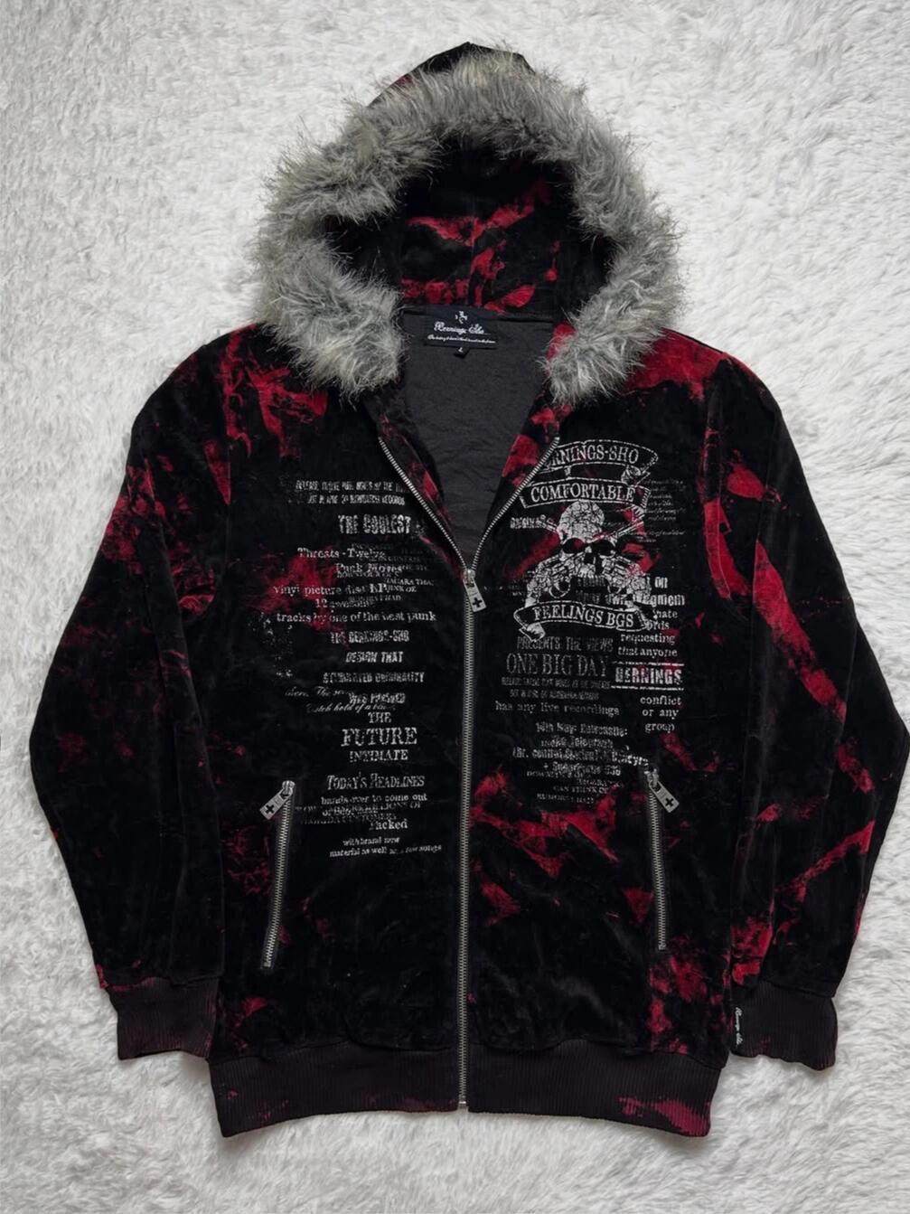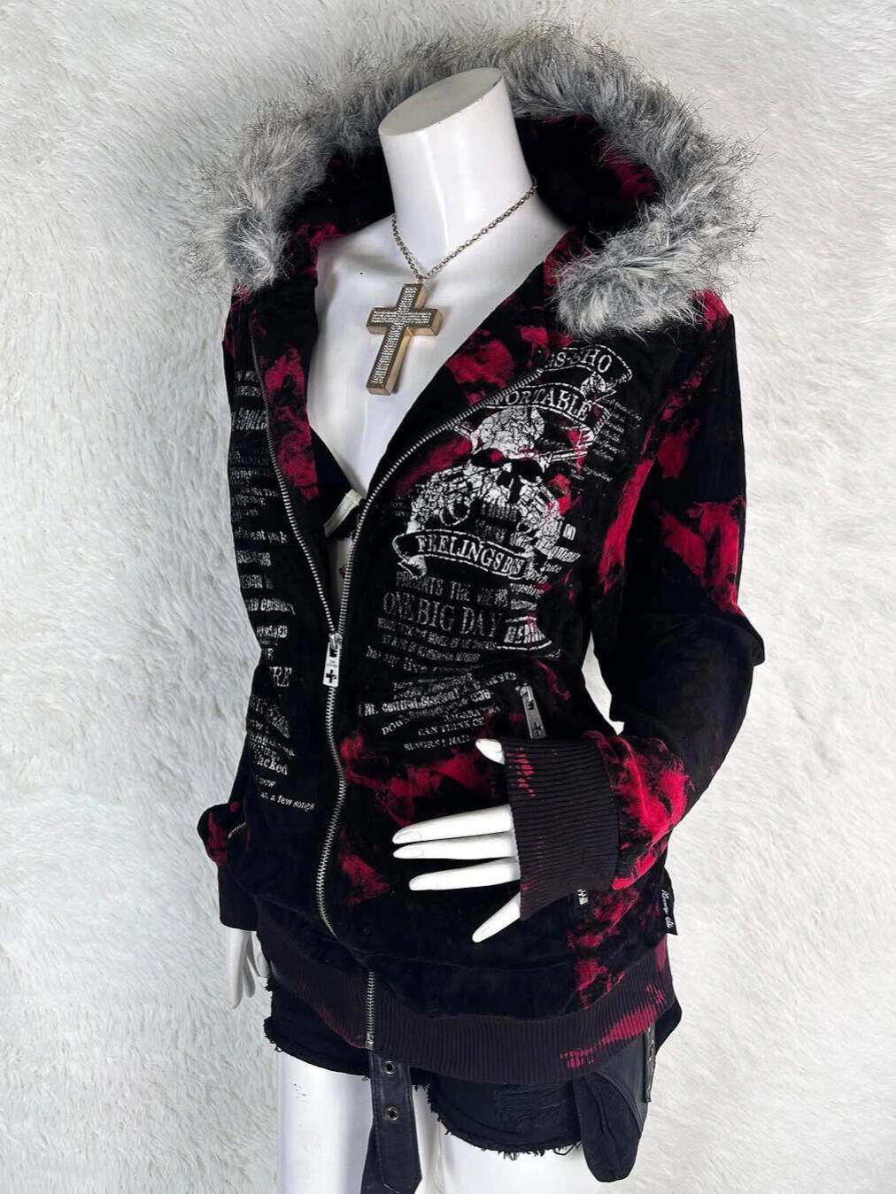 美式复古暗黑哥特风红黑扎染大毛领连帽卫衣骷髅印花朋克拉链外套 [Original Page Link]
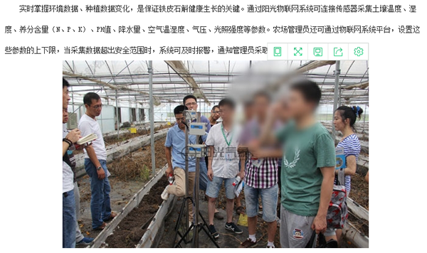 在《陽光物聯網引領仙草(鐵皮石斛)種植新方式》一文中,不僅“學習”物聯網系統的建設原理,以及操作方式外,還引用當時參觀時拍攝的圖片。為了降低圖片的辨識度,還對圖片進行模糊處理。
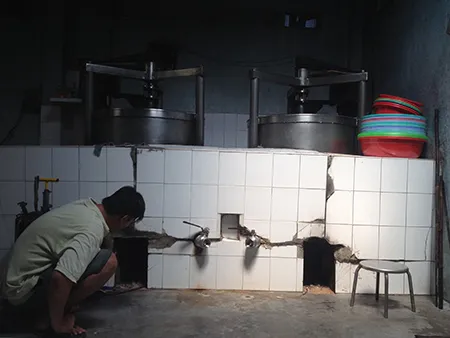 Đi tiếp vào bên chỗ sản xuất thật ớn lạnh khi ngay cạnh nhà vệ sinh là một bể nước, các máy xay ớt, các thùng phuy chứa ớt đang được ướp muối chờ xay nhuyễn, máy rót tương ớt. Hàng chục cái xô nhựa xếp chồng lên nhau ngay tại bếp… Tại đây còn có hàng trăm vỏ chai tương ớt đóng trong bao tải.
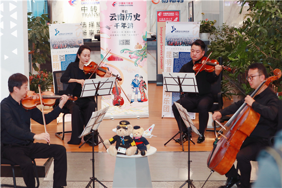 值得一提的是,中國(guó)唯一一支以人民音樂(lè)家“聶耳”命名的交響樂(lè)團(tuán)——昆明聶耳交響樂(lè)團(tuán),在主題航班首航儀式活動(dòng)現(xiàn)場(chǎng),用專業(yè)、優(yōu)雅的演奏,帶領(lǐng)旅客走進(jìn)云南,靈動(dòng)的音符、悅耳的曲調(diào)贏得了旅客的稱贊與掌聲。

• To do: An exact copy of the lines above, from the first through the line that holds "Đi tiếp vào", is what is needed; leave the pictures out.

• Solved exercise:
 美式复古暗黑哥特风红黑扎染大毛领连帽卫衣骷髅印花朋克拉链外套 [Original Page Link]
 在《陽光物聯網引領仙草(鐵皮石斛)種植新方式》一文中,不僅“學習”物聯網系統的建設原理,以及操作方式外,還引用當時參觀時拍攝的圖片。為了降低圖片的辨識度,還對圖片進行模糊處理。
 Đi tiếp vào bên chỗ sản xuất thật ớn lạnh khi ngay cạnh nhà vệ sinh là một bể nước, các máy xay ớt, các thùng phuy chứa ớt đang được ướp muối chờ xay nhuyễn, máy rót tương ớt. Hàng chục cái xô nhựa xếp chồng lên nhau ngay tại bếp… Tại đây còn có hàng trăm vỏ chai tương ớt đóng trong bao tải.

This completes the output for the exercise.